Oxidative stress is one of the important mechanisms for nanomaterials to exert their biological toxic effects. Mitochondria are not only the main place for cells to produce ROS, but also the primary target of ROS attack, and a large amount of ROS accumulation will induce mitochondrial autophagy [11]. Mitophagy is a process in which cells selectively clear lesions or damage mitochondria through the mechanism of autophagy [12]. It is one of the key links in the regulation of mitochondrial quality and quantity. Mitochondrial autophagy mediated by the PINK1/parkin pathway is a main mechanism of cell stress regulation induced by nanomaterials [13]. When mitochondria are damaged by oxidative stress, mitochondrial transmembrane potential is destroyed, resulting in the blocking of PINK1 translocation and degradation; this makes PINK1 accumulate on the outer membrane surface of mitochondria, recruits Parkin to damaged mitochondria, and starts mitochondrial autophagy by mediating the activation of Parkin and ubiquitin phosphorylation. When mitochondrial autophagy cannot clear damaged mitochondria or mitochondrial autophagy is excessive, apoptosis-related genes are activated to induce apoptosis [14], resulting in the damage of cells and organs. The participation of mitochondrial autophagy can be seen in the cellular effects of nano materials, both in normal cells and tumor cells. For example, TiO2 NPs induce endoplasmic reticulum stress in human trophoblast cells, activate autophagy (including mitochondrial autophagy), and affect placental function [15]; ZnO NPs can kill tumor cells by activating pink1/parkin-mediated mitochondrial autophagy [16].
At present, La2O3 NPs are being more and more widely used, and their impact on human health and safety has attracted more and more attention. However, the study of mitochondrial autophagy mediated by the PINK1/parkin pathway in lung injury induced by La2O3 NPs has not been reported. Therefore, this study used the method of the whole animal experiment to establish a rat model of subchronic exposure to La2O3 NPs through the respiratory tract and to explore the role and specific mechanism of PINK1/parkin signal transduction pathway in lung injury induced by La2O3 NPs.

2. Materials and Methods

2.1. Establishment of Animal Model

Forty SPF male SD rats (provided by the Experimental Animal Center of North China University of Science and Technology) weighing 180~220 g were fed freely, drank water at 20~25 °C, and were kept in an environment where the humidity was 45%. They were randomly divided into a control group, La2O3 NPs low-dose group (25 mg/kg), La2O3 NPs medium-dose group (50 mg/kg), and La2O3NPs high-dose group (100 mg/kg), with 10 animals in each group.

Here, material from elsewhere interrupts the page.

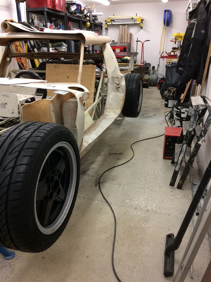 . Först och främst skall jag "bygga" med glasfiber så att karossen kan vila på/mot chassit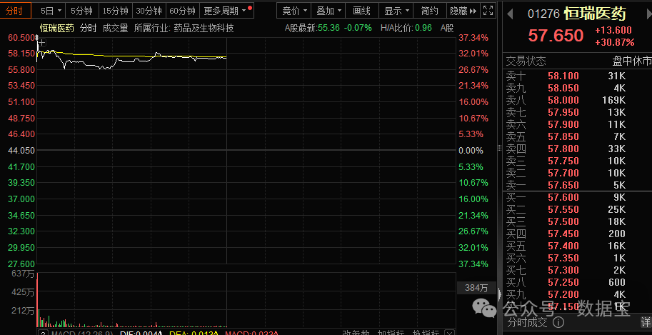 早盘恒瑞医药开盘后一度拉升,最高涨幅达到37.34%,午间收盘上涨30.87%,换手率超过30%,A股表现一般,午间收盘微跌0.07%。截至午间收盘,恒瑞医药A股市值超3531亿元,H股市值129.42亿港元。

The test was conducted after 1 week of adaptive feeding.
The appropriate amount of La2O3 NPs was accurately weighed; sterilized at a high temperature and high pressure; and placed in normal saline to prepare 2.5, 5, and 10 mg/mL La2O3 NPs suspension. Before the experiment, the mixture was mixed by ultrasonic oscillation for 30 s.
The La2O3 NPs suspension after ultrasonic oscillation was mixed. After ether anesthesia, the rats were exposed to non-exposed tracheal injection. The low-, medium-, and high-dose groups were given 25, 50, and 100 mg/kg La2O3 NPs suspension, respectively. The control group was given an equal volume of normal saline (1 mL/100 g). Exposure was once a week and continued for three months, totaling of 12 exposures. The body weight, appearance, eating, and drinking water of the experimental animals were observed and recorded every day.
Rats were sacrificed 24 h after the last exposure, weighed, and recorded. After the heart blood was taken, the lung tissue was quickly removed, and the weight of the tissue was recorded. Some tissues were used for pathological examination, and some blood was separated from serum. The samples were frozen at −80 °C for further use.

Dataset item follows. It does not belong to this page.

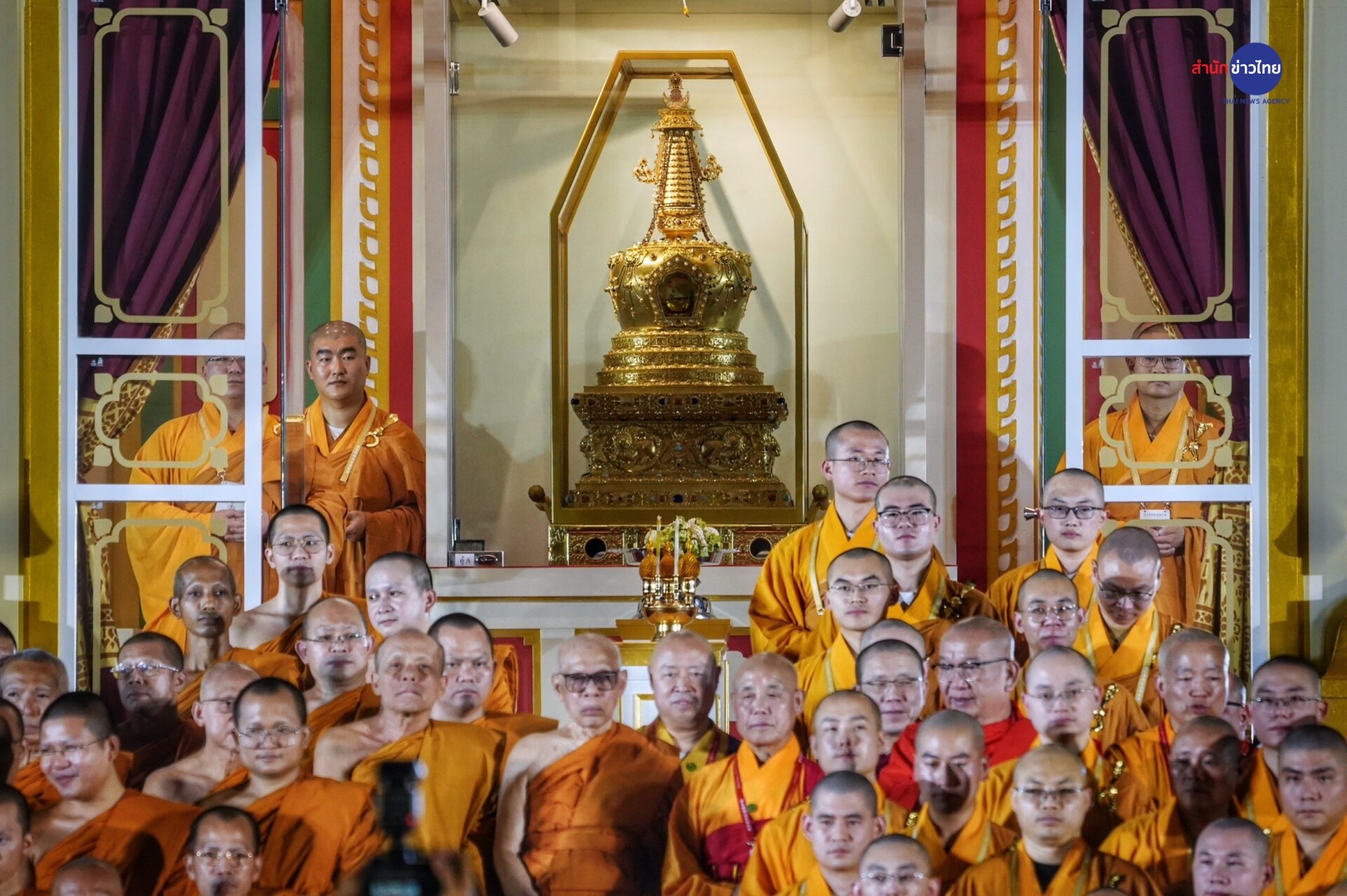 เมื่อขบวนเคลื่อนไปจนถึงบริเวณท้องสนามหลวง เจ้าหน้าที่อัญเชิญพระสถูปพระบรมสารีริกธาตุ (พระเขี้ยวแก้ว) ขึ้นประดิษฐานบนมณฑป โดยมีสมเด็จพระพุฒาจารย์ กรรมการมหาเถรสมาคม เจ้าอาวาสวัดไตรมิตรวิทยา เป็นประธานฝ่ายสงฆ์ ต่อมา น.ส.แพทองธาร เป็นประธานในพิธี พร้อมคณะรัฐมนตรี (ครม.) และผู้แทนทางการจีน ถวายพวงมาลัยสักการะพระบรมสารีริกธาตุ (พระเขี้ยวแก้ว) และมีคณะสงฆ์ฝ่ายจีน เจริญพระพุทธมนต์ร่วมกับคณะสงฆ์ฝ่ายไทย

2.2. General Observation of Rats

During the experiment, the rats’ appearance, activity ability, mental state, food and water intake, and fur changes were observed once a week. Weight was observed every day, with weekly summary analyses of weight changes and timely records.

2.3. Determination of Lung Coefficient

After the blood was taken from the heart of the rats, the lung tissue was quickly taken out, rinsed with normal saline, and dried with excessive moisture. Then the wet weight of the lung tissue was accurately weighed with an electronic balance, and the lung coefficient was calculated according to the following formula:
Lung coefficient = (wet lung weight/body weight) × 100%

2.4. Determination of Lanthanum Content in Lung Tissue

A total of 1.0 g of rat lung tissue was taken and placed in digestion flasks, respectively, and 4 mL of nitric acid was added overnight until the sample was nitrified. The sample was then evaporated on an electrothermal plate for 1–2 h, until the white powder remained. After cooling, the sample was diluted with nitric acid (1%) to 10 mL, and then a 7500 inductively coupled plasma–atomic emission spectrometry (ICP–MS) analyzer (Santa Clara Agilent) was used to detect the content of lanthanum in lung tissue.

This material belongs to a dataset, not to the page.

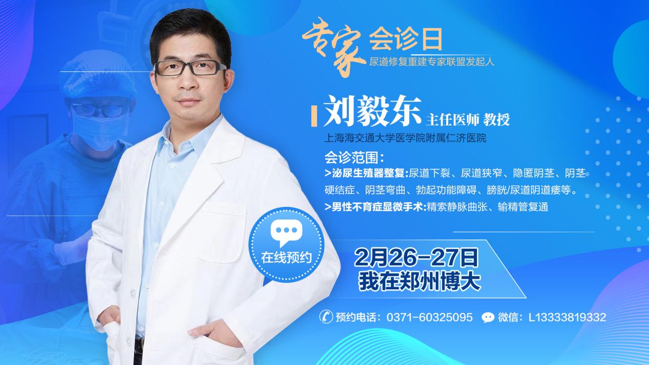 郑州博大泌尿外科医院2023年2月26日-27日专家会诊,上海交通大学医学院附属仁济医院专家刘毅东教授亲诊。

2.5. Detection of Oxidative Damage Index in Lung Tissue

The lung tissue was taken with normal saline to prepare 10% tissue homogenate and centrifuged at 3500–4000 r/min for 10 min. The supernatant was taken for use. The activity of SOD and GSH-Px and the content of MDA in lung homogenate were measured by using a kit.

2.6. Determination of PINK1 and Parkin mRNA Expression Levels and Protein Expression Levels in Lung

Western blot was used to detect. Take the lung tissue about 0.1 g, cut into pieces, and add 1000 μL lysis liquid. Then use an ultrasonic cell broken instrument for lysis. Protein concentration was measured by using a BCA protein detection kit. The 15 μg protein was subjected to SDS–PAGE electrophoresis, transferred to PVDF membrane, and then blocked with 5% BSA. PVDF membrane was incubated overnight with diluted rabbit anti-mouse PINK1 primary antibody, mouse anti-mouse Parkin primary antibody, and beta-actin. The membrane was washed three times with TBST and incubated with secondary antibody. Finally, ECL imaging was used. The Image J image analysis system was used to analyze the integrated density value (IDV) of protein bands, and the expression levels of PINK1 and Parkin in the lung were calculated with β-actin as the internal reference.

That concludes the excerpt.